-------- Data provided
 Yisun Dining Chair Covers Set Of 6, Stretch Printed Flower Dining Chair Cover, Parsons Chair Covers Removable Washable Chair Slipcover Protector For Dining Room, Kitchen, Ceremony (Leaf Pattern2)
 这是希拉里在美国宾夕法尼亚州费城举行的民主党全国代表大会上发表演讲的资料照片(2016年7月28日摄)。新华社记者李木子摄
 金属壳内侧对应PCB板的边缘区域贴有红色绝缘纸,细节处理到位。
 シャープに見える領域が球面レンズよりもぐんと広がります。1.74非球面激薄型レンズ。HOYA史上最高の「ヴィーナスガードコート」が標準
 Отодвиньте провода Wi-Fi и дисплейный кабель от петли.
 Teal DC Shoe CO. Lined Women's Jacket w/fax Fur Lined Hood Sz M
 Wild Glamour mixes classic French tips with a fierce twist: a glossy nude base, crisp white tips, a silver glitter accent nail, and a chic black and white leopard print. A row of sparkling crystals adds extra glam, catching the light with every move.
----------------
-------- Data provided
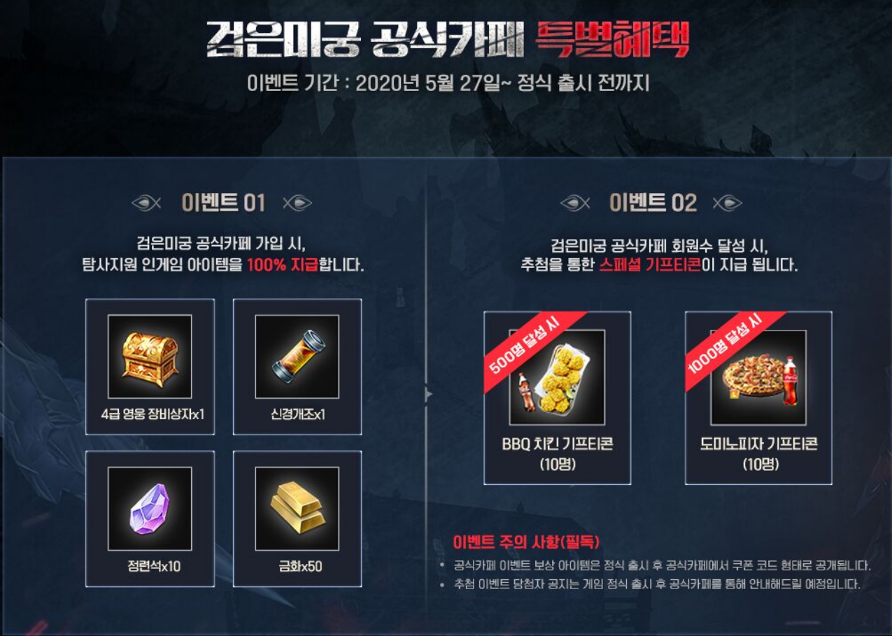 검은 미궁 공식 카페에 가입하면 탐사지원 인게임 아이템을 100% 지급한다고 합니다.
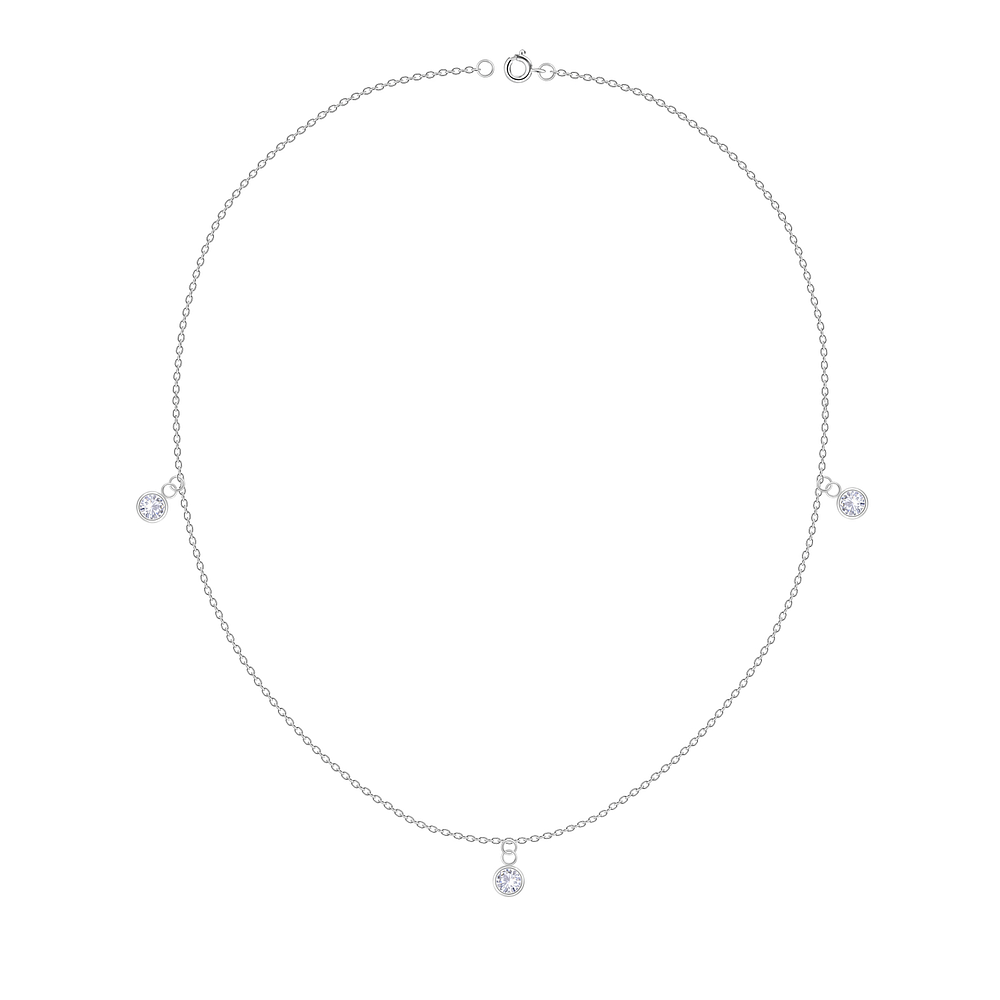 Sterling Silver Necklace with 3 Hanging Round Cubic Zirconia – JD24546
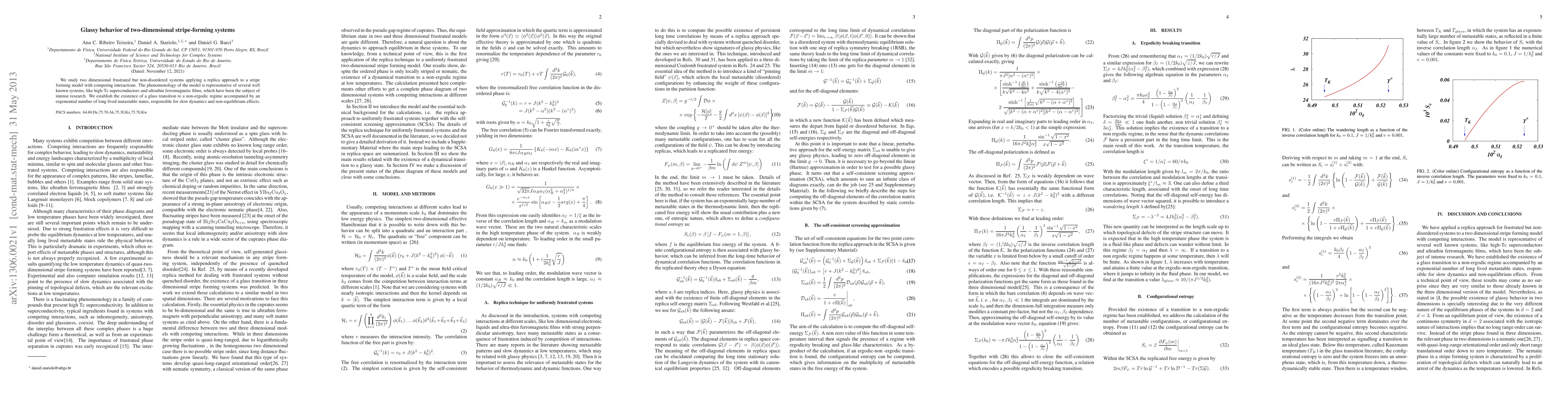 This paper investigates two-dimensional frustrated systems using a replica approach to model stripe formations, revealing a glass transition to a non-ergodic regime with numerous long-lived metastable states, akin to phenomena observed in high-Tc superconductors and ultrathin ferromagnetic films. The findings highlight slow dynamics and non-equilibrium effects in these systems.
----------------
-------- Data provided
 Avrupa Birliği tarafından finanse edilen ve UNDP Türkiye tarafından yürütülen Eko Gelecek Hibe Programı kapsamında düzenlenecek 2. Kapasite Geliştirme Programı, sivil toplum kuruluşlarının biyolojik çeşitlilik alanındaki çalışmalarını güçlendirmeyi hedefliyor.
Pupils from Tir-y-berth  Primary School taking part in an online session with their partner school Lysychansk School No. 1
----------------
**Assignment:**
Lines to set down from above: the line with "Avrupa Birliği tarafından", the line with "Pupils from Tir-y-berth  Primary", and every line between, each exactly as written.

**Solution to this task:**
 Avrupa Birliği tarafından finanse edilen ve UNDP Türkiye tarafından yürütülen Eko Gelecek Hibe Programı kapsamında düzenlenecek 2. Kapasite Geliştirme Programı, sivil toplum kuruluşlarının biyolojik çeşitlilik alanındaki çalışmalarını güçlendirmeyi hedefliyor.
Pupils from Tir-y-berth  Primary School taking part in an online session with their partner school Lysychansk School No. 1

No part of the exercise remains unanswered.